In [7]:
import numpy as np
import pandas as pd
from sklearn.model_selection import train_test_split

In [2]:
# Set working directory to the project root (1 folder up)
import os
os.chdir('..')

In [5]:
df_train = pd.read_csv('data/train.csv')
df_test = pd.read_csv('data/test.csv')

# Transform Sex to 0 and 1
df_train['Sex'] = df_train['Sex'].map({'male': 0, 'female': 1})
df_test['Sex'] = df_test['Sex'].map({'male': 0, 'female': 1})

# Transform target (Calories) with log1p
df_train['Calories'] = np.log1p(df_train['Calories'])

# Create column interactions between all numerical columns
numeric_cols = ['Age', 'Height', 'Weight', 'Duration', 'Heart_Rate', 'Body_Temp']
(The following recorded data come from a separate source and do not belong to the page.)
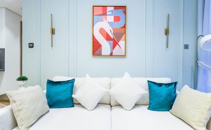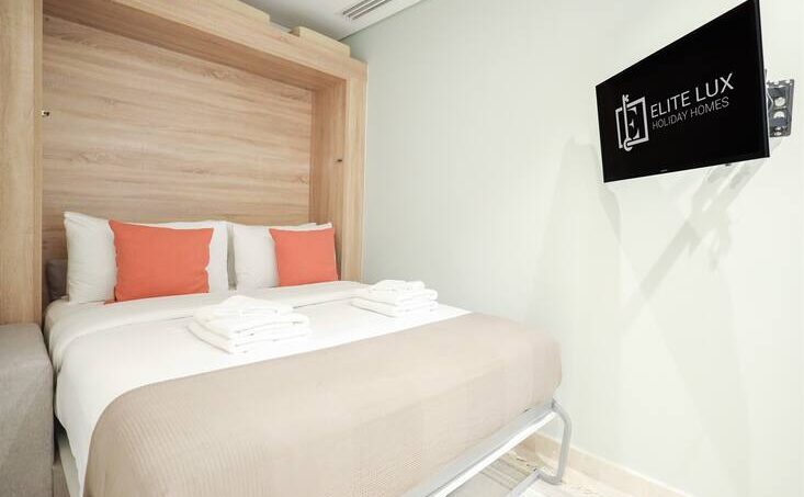 As you step into the apartment, you’re greeted by a spacious and elegantly furnished living room. It features a plush large sofa, a sleek coffee table, and a large smart TV, creating the perfect ambiance for relaxation and entertainment. The living area seamlessly flows into a fully equipped kitchen, complete with modern appliances and cookware, ready for you to whip up your favorite dishes.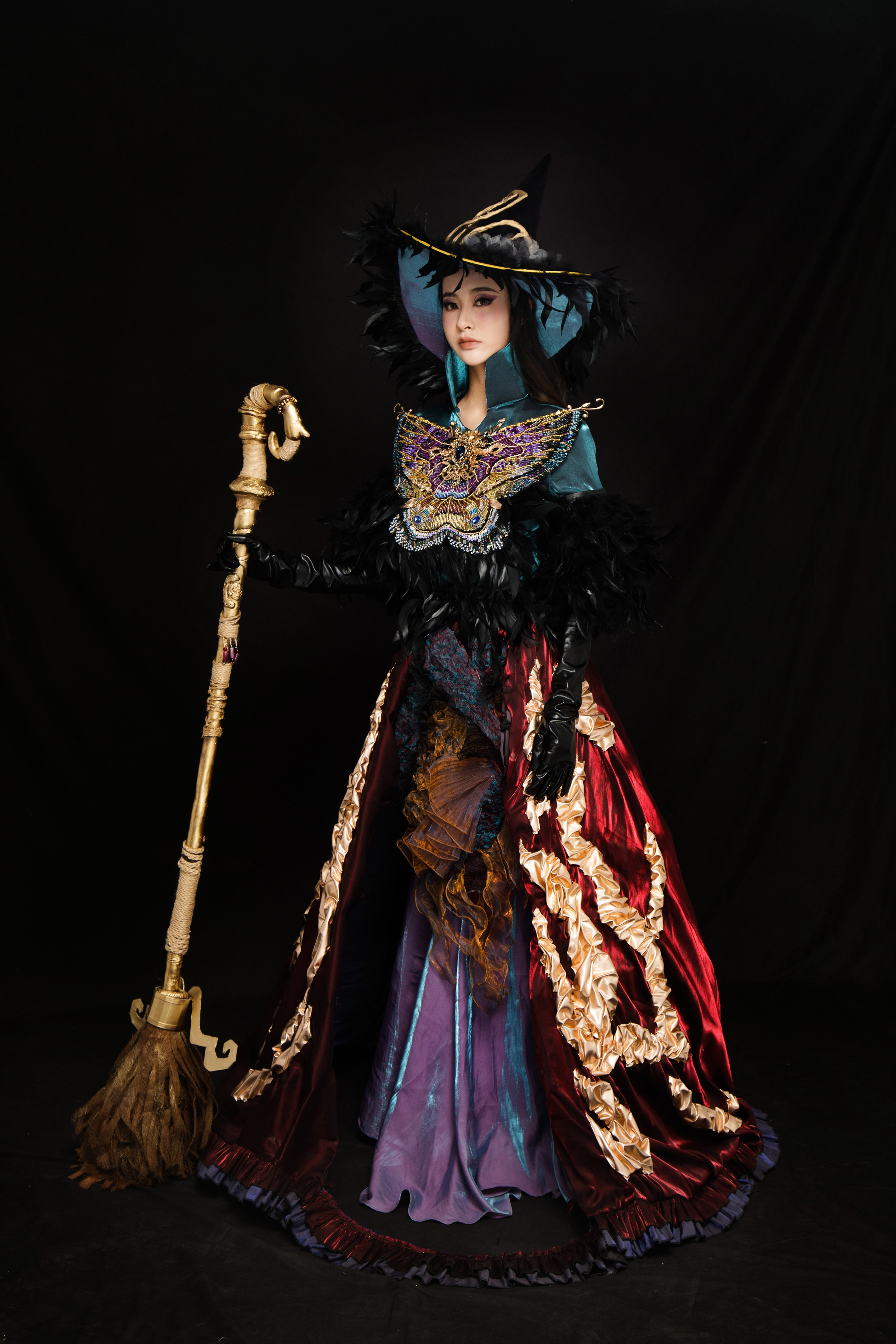 This is my undergraduate personal graduation project, it is not a performance project. I designed the costumes for the ten main characters and chose two of them for production. The two made costumes are divided into many parts: Elphaba's fishtail dress, chest decoration, bustle, outer skirt, wizard hat and cane; Dr. Goat's robe, cape, headdress, mask, and cane. The production of the costume part is mainly made by pattern cutting and draping on the stand.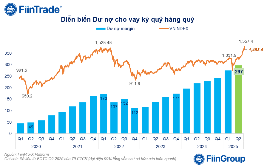- Dư nợ margin toàn thị trường tăng 8,1% trong quý II/2025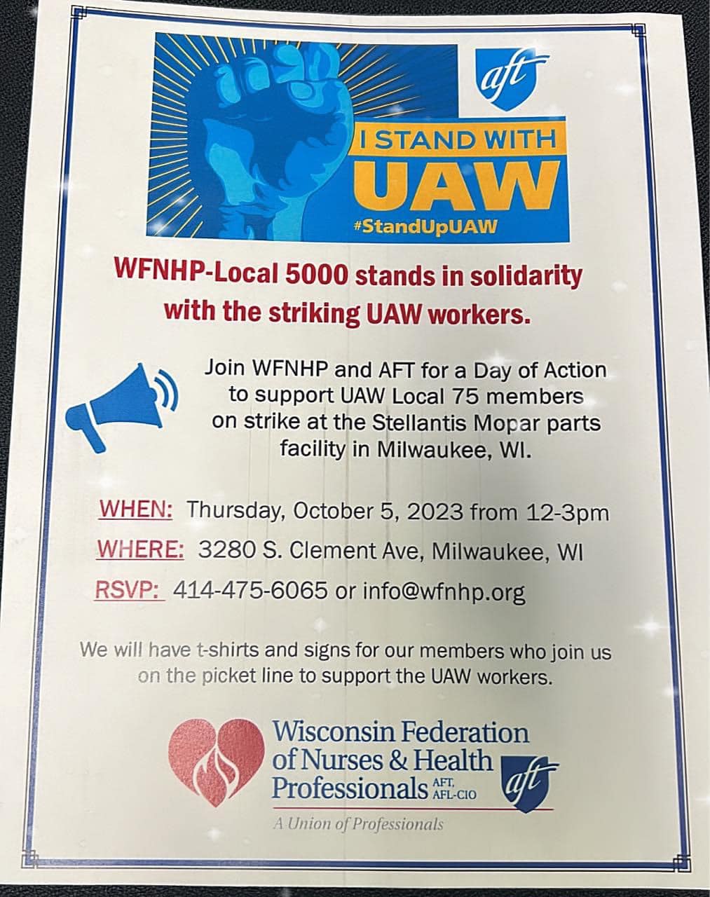 Categories Uncategorized Milwaukee, October 5, 2023: AFT Day of Action to Support UAW Local 75 Members on Strike! Post author By wibailoutpeople Post date September 28, 2023 Wisconsin Federation of Nurses and Health Professionals Share this: Click to share on X (Opens in new window) X Click to share on Facebook (Opens in new window) Facebook Like Loading... Related ← Seymour Hersh: “It’s All Lies. The War Is Over. Russia Has Won.” → Mumia Abu-Jamal: Remembering MOVE on Film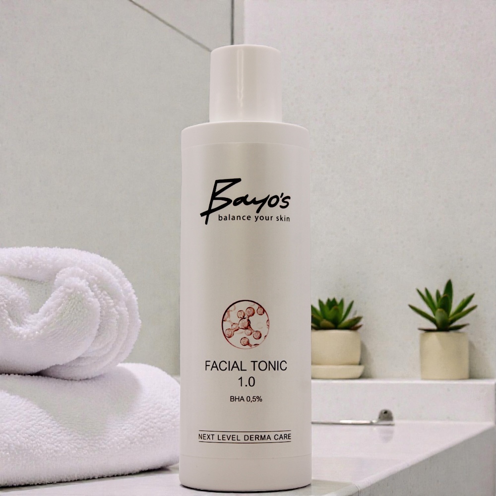 Das FACIAL TONIC 1.0 ist ein klärendes, parfümfreies Wirkstoff-Tonic mit 0,5 % Salicylsäure. Es ist speziell entwickelt zur täglichen Anwendung bei unreiner, öliger oder verhornter Haut. Die sanft exfolierende Formel entfernt abgestorbene Hautzellen, beugt Unreinheiten vor und unterstützt ein sichtbar verfeinertes Hautbild, ganz ohne auszutrocknen.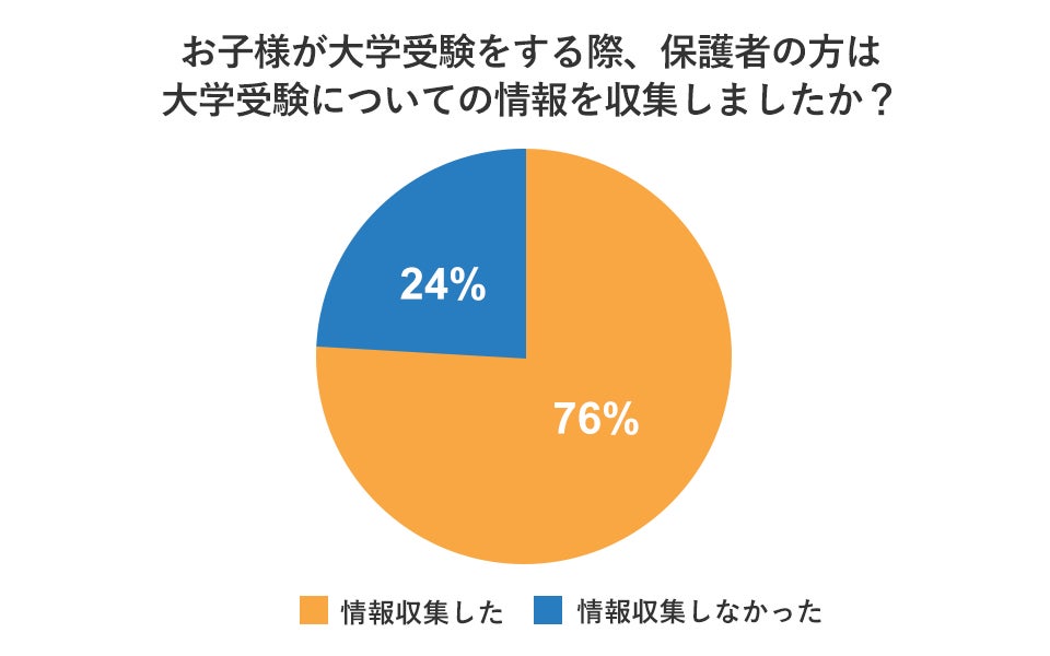 その結果、76%の保護者が大学受験に向けて積極的に情報収集を行っていたことがわかりました。多くの保護者が子どもの大学受験について一緒に情報収集し、サポートを行っているようです。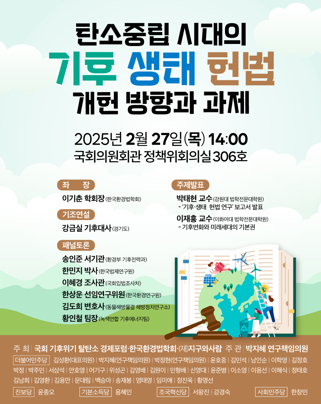 국회 기후위기 탈탄소 경제포럼과 한국환경법학회, 지구와사람 재단이 공동주최하는 이번 세미나에서는 기후 생태 헌법 개정을 둘러싸고 다양한 패널들의 발제와 토론이 진행될 예정이다.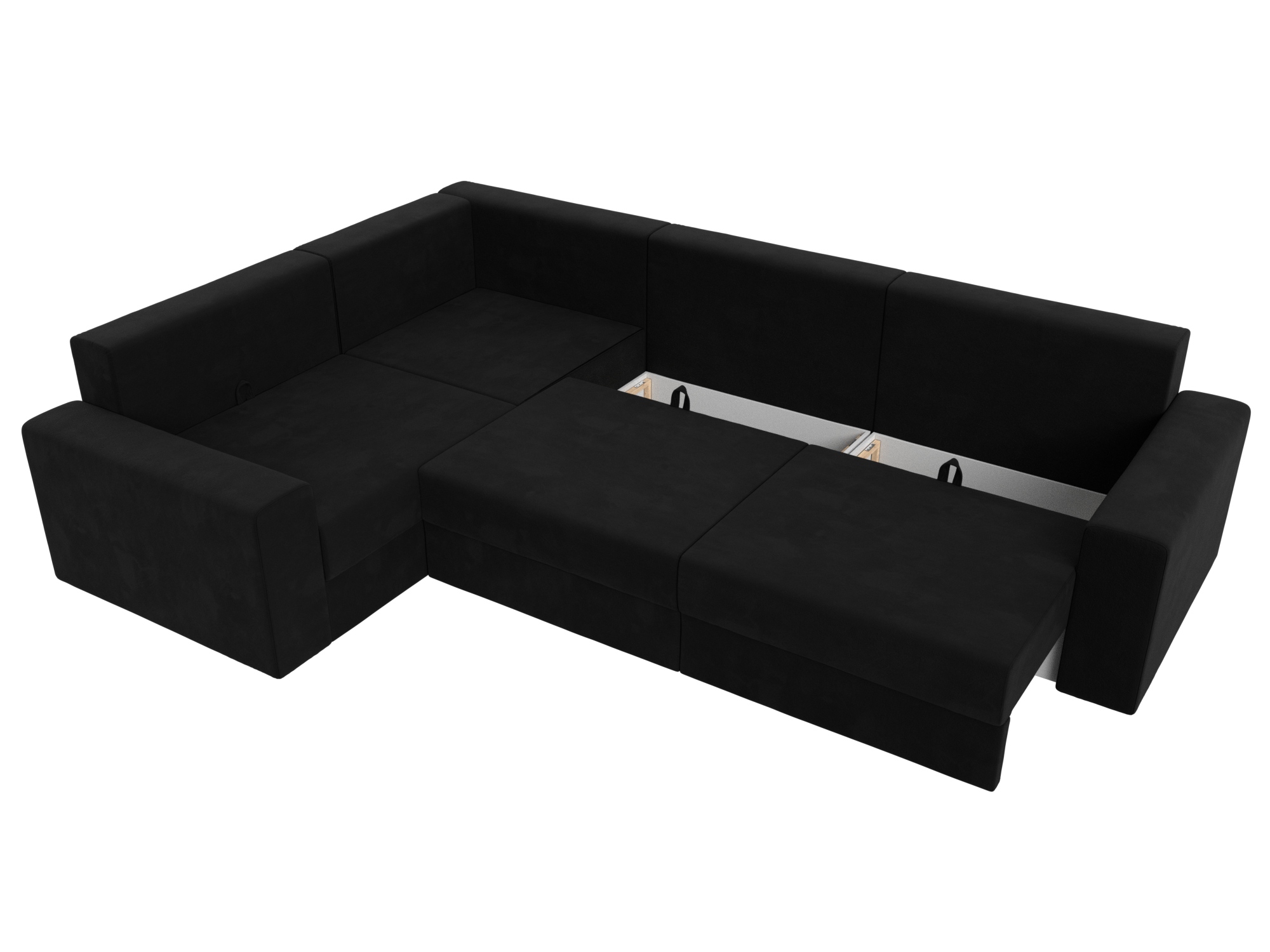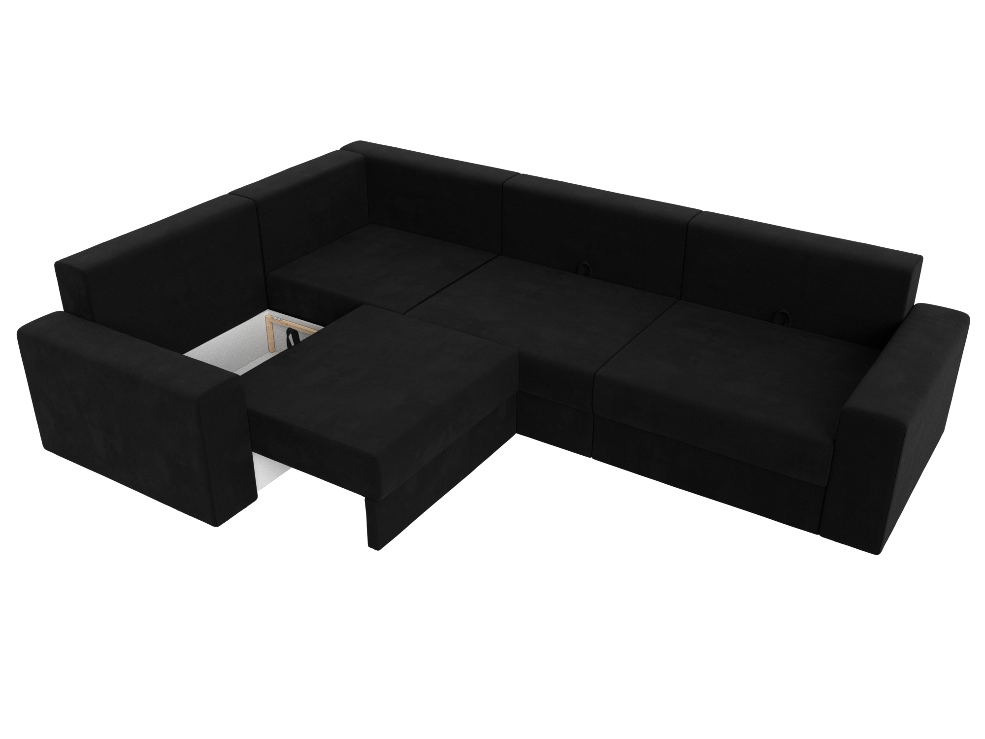 Механизм: еврокнижка. Нижняя часть углового дивана легко выдвигается на ножках-роликах, образуя нишу. В нее опускается установленная на кронштейны спинка.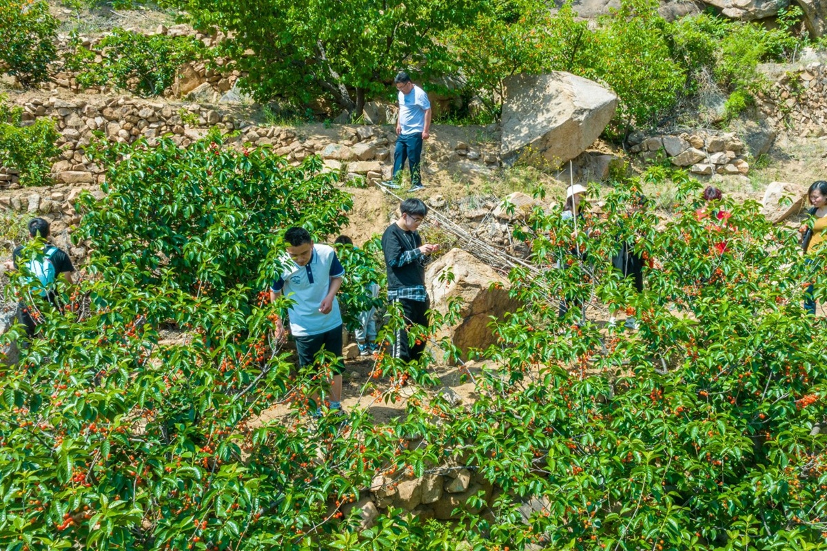 近日,青岛市崂山区北宅街道的樱桃迎来了采摘季,一簇簇红彤彤的樱桃挂满枝头。随着樱桃节的开幕,众多市民游客沿着山路进入北宅科村、周哥庄村的樱桃采摘园,边爬山边采摘,体验乡野之趣。
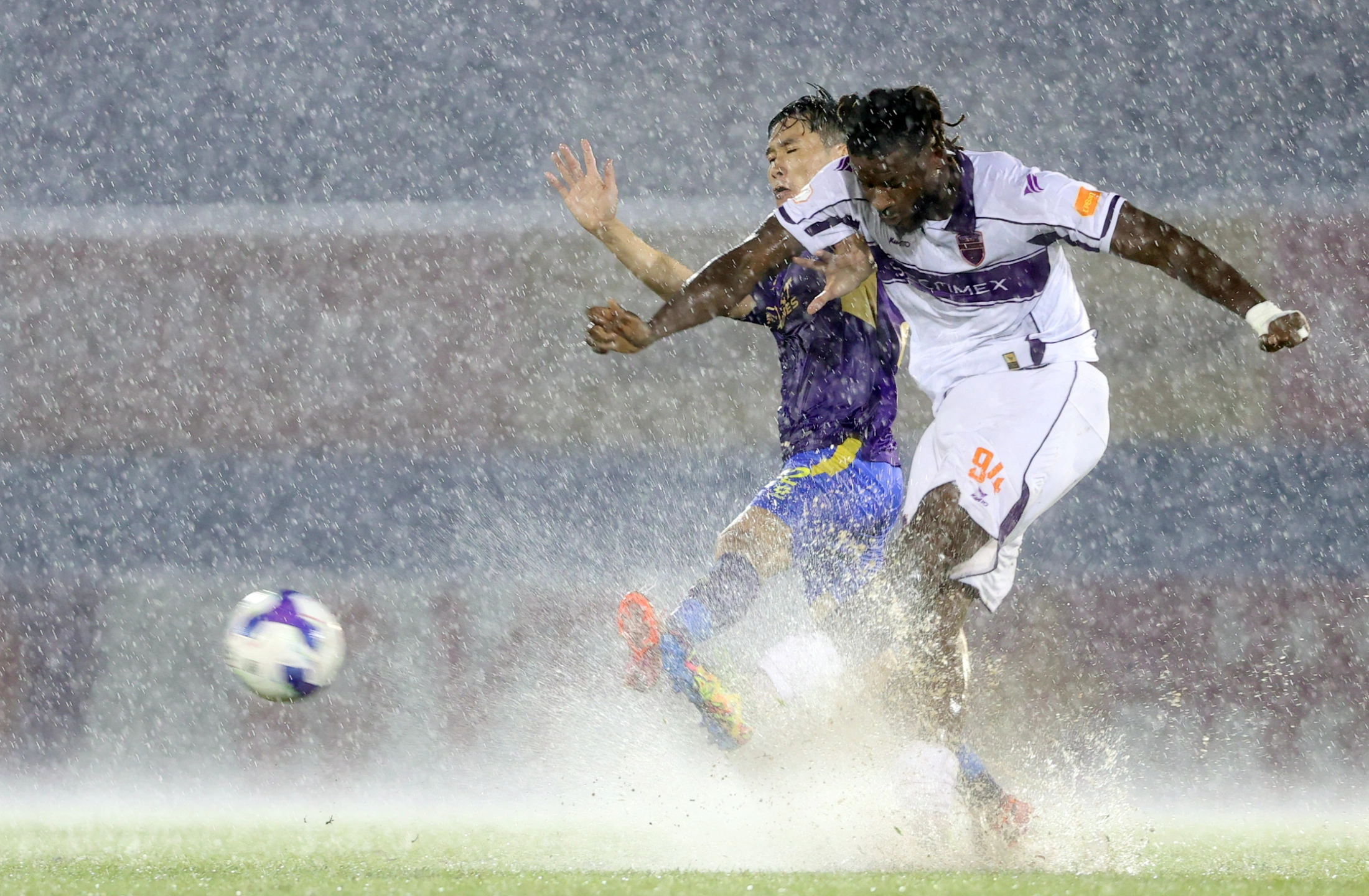 Mặt sân bị đọng nước khiến, cầu thủ không thể thi đấu như chiến thuật đề ra. HLV Hà Nội FC Harry Kewell thường xuyên phản ứng, góp ý để trọng tài dừng trận đấu.

# Create interaction features
for i in range(len(numeric_cols)):
    for j in range(i+1, len(numeric_cols)):
        col1, col2 = numeric_cols[i], numeric_cols[j]
        interaction_name = f'{col1}_{col2}_interaction'
        df_train[interaction_name] = df_train[col1] * df_train[col2]
        df_test[interaction_name] = df_test[col1] * df_test[col2]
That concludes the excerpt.